Report: More Oversight of Medicaid Managed Care Needed to Ensure Access

Across states, Medicaid managed care beneficiaries have widely varying access to services—with per capita rates of primary care providers ranging from one per 100 beneficiaries in some areas to one per 2,500 in others, for example. This finding comes from a September report from the Office of the Inspector General of the U.S. Department of Health and Human Services that compared beneficiaries' access to care in 33 states. States are responsible for ensuring accessibility of care, using standards they determine that take into account the travel time/distance to see providers, wait times for appointments, and minimum provider-to-patient ratios, among other measures. The report notes that states' standards vary widely and may not take into account differences between urban and rural locations, or different types of providers. The authors recommend that the Centers for Medicare and Medicaid Services (CMS) strengthen oversight of state standards and offer states technical assistance to improve their methods of assessing compliance.

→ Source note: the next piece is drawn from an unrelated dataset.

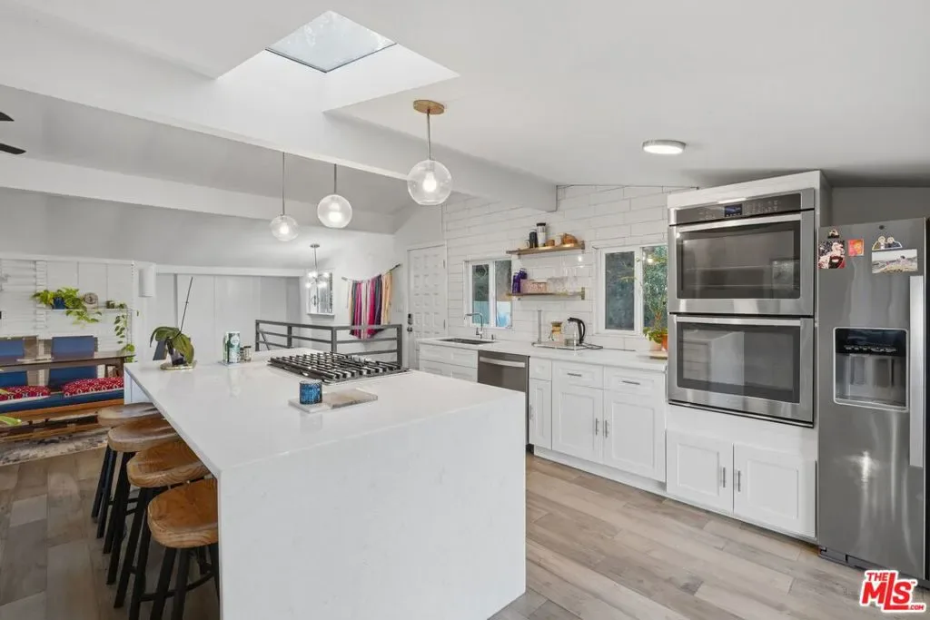 Rebuilt from the ground up with permits in 2017, this Topanga Canyon home blends the character of its 1925 roots with the comfort of a thoughtfully modernized retreat. The result is a serene, light-filled home with sweeping cross-canyon views, an open floor plan, and a connection to the outdoors that defines life in the canyon. Inside, skylights and large windows flood the main living areas with natural light throughout the day while framing panoramic cross-canyon views from multiple vantage points. The open floor plan connects living spaces effortlessly, and the main level includes a beautifully updated full bathroom with a soaking tub. Outdoor living is a natural extension of the home, with a large deck featuring multiple dedicated seating areas that open directly off the main living space. Before you even step inside, a waterfall fountain and the home’s historic entry steps set the tone for everything that follows. The lower level houses all three bedrooms and a second full bathroom, each with its own separate exterior access ideal for guests, family, or simply moving through daily life on your own terms. Bonus spaces include a dedicated yoga and meditation studio toward the rear of the property, a quiet, purposeful room grounded in the natural environment surrounding it, and a generously sized, secure, dry storage room tucked beneath the house. Trail access begins at the property line, opening into some of the finest hiking and trail running in the region. Topanga State Park and the Santa Monica Mountains National Recreation Area offer miles of oak woodland, chaparral, and open meadow, with views stretching from the peaks to the sea. Nearby creek access adds swimming holes, birding spots, and quiet places to simply sit and listen. Tucked between the mountains and minutes from Woodland Hills and Pacific Coast Highway, Topanga is one of the last true communities in Los Angeles County where people know each other, show up for each other, and choose to stay from the Sunday farmers market to the trails just outside your door. Thoughtfully rebuilt, carefully maintained, and entirely specific to the life that draws people here. Those who find this place rarely want to leave.

ONC's Roadmap to Interoperable Medical Records

Earlier this month, the Office of the National Coordinator for Health IT released the first draft of its roadmap to interoperability—which aims to ensure that providers can easily exchange medical information and reap the benefits of what is now fairly widespread electronic data collection. The roadmap, which will be available for public comment starting in January 2015, sets three-year goals for ensuring basic data exchange and 10-year goals for building a learning health system to promote population health.

One-Quarter of ACOs Earned Bonuses for 2013

About a quarter of the 243 accountable care organizations (ACOs) that participated in the Medicare Shared Savings and Pioneer programs reduced health care costs enough to earn bonuses from CMS last year. The ACOs made improvements on most of the 33 measures of quality and patient experience. CMS has published a list of the savings generated and bonuses earned here.

New HealthGrades Site Rates Doctors on Experience, Quality

The commercial physician rating tool, Healthgrades.com, has launched a much more comprehensive database to compare physicians based on their experience in a particular area or procedure, complication rates at the hospitals where they practice, and patients' reports of their experiences. The expanded site launched in mid-October, in time to be used by consumers during the November open enrollment period on federal and state health exchanges.